* [To do]:
In the data below, the answer is the run of lines from the line containing "BEAUTIFUL EXTREMELY RARE" through the line containing "活动现场,颜色不同的彩纸在参", both included; print it exactly and nothing else.
- - -
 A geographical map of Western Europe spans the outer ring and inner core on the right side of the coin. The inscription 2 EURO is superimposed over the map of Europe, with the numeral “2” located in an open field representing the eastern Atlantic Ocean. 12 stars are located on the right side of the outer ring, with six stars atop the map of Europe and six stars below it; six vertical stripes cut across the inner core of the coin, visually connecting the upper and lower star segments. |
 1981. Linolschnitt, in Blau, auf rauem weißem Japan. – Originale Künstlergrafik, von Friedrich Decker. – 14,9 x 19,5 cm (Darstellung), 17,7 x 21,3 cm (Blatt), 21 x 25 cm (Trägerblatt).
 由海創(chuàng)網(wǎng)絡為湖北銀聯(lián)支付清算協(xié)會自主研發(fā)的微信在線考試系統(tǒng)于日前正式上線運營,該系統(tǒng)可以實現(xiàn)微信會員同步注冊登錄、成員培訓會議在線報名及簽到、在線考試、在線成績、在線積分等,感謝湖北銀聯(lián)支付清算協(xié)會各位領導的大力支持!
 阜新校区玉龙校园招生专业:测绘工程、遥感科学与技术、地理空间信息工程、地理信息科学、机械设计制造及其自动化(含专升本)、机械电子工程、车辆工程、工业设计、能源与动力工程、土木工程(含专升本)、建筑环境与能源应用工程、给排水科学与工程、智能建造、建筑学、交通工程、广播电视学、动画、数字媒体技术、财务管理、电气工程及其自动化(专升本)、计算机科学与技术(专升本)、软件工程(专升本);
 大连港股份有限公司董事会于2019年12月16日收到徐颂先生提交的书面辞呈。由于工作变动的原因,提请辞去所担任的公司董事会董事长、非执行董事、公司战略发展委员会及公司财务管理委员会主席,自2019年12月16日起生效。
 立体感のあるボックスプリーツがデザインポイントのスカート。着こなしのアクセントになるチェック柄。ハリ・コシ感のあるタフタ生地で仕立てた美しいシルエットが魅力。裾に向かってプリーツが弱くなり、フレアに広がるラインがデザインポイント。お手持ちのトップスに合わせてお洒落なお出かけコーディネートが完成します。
- - -
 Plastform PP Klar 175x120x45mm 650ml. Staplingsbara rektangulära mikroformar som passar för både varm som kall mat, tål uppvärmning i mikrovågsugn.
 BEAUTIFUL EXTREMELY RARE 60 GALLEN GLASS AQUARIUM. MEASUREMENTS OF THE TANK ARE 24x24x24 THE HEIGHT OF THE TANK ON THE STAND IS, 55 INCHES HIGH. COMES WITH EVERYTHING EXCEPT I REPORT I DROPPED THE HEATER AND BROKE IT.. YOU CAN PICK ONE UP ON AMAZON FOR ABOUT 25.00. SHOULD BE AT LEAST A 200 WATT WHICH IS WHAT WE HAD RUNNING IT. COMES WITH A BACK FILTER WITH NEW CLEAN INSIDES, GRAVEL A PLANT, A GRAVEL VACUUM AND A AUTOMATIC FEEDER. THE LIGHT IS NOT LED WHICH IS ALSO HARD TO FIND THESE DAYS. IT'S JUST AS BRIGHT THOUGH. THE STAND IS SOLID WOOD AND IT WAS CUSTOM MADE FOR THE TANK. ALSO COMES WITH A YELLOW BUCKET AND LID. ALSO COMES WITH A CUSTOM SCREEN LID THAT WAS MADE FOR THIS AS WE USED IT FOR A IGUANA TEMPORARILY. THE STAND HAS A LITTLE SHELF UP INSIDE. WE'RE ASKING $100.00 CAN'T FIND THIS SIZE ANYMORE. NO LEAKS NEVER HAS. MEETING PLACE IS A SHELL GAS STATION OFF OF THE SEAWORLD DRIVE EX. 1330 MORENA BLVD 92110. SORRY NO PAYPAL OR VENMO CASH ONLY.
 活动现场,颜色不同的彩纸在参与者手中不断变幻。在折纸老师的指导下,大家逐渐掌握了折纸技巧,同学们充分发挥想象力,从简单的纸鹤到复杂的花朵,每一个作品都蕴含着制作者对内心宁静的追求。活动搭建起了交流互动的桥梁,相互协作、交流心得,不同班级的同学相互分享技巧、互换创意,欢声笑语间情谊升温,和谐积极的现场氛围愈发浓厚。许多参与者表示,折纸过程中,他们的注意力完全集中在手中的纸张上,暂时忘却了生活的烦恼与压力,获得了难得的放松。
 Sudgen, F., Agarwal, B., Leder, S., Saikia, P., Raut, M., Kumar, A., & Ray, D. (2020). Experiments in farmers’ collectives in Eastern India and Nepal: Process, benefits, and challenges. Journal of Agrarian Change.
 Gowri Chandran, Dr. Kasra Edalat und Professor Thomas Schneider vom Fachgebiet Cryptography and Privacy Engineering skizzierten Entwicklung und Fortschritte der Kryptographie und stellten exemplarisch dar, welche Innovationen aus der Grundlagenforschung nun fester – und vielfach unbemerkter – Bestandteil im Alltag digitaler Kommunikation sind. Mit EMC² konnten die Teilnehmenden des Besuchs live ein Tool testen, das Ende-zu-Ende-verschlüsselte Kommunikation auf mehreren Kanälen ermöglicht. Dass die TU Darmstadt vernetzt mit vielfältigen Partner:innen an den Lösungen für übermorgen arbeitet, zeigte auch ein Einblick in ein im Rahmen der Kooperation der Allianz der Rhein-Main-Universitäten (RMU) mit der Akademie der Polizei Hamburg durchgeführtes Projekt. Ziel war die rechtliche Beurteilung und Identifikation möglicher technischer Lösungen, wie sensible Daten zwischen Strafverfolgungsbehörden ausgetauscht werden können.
- - -
* [Answer area]:
 BEAUTIFUL EXTREMELY RARE 60 GALLEN GLASS AQUARIUM. MEASUREMENTS OF THE TANK ARE 24x24x24 THE HEIGHT OF THE TANK ON THE STAND IS, 55 INCHES HIGH. COMES WITH EVERYTHING EXCEPT I REPORT I DROPPED THE HEATER AND BROKE IT.. YOU CAN PICK ONE UP ON AMAZON FOR ABOUT 25.00. SHOULD BE AT LEAST A 200 WATT WHICH IS WHAT WE HAD RUNNING IT. COMES WITH A BACK FILTER WITH NEW CLEAN INSIDES, GRAVEL A PLANT, A GRAVEL VACUUM AND A AUTOMATIC FEEDER. THE LIGHT IS NOT LED WHICH IS ALSO HARD TO FIND THESE DAYS. IT'S JUST AS BRIGHT THOUGH. THE STAND IS SOLID WOOD AND IT WAS CUSTOM MADE FOR THE TANK. ALSO COMES WITH A YELLOW BUCKET AND LID. ALSO COMES WITH A CUSTOM SCREEN LID THAT WAS MADE FOR THIS AS WE USED IT FOR A IGUANA TEMPORARILY. THE STAND HAS A LITTLE SHELF UP INSIDE. WE'RE ASKING $100.00 CAN'T FIND THIS SIZE ANYMORE. NO LEAKS NEVER HAS. MEETING PLACE IS A SHELL GAS STATION OFF OF THE SEAWORLD DRIVE EX. 1330 MORENA BLVD 92110. SORRY NO PAYPAL OR VENMO CASH ONLY.
 活动现场,颜色不同的彩纸在参与者手中不断变幻。在折纸老师的指导下,大家逐渐掌握了折纸技巧,同学们充分发挥想象力,从简单的纸鹤到复杂的花朵,每一个作品都蕴含着制作者对内心宁静的追求。活动搭建起了交流互动的桥梁,相互协作、交流心得,不同班级的同学相互分享技巧、互换创意,欢声笑语间情谊升温,和谐积极的现场氛围愈发浓厚。许多参与者表示,折纸过程中,他们的注意力完全集中在手中的纸张上,暂时忘却了生活的烦恼与压力,获得了难得的放松。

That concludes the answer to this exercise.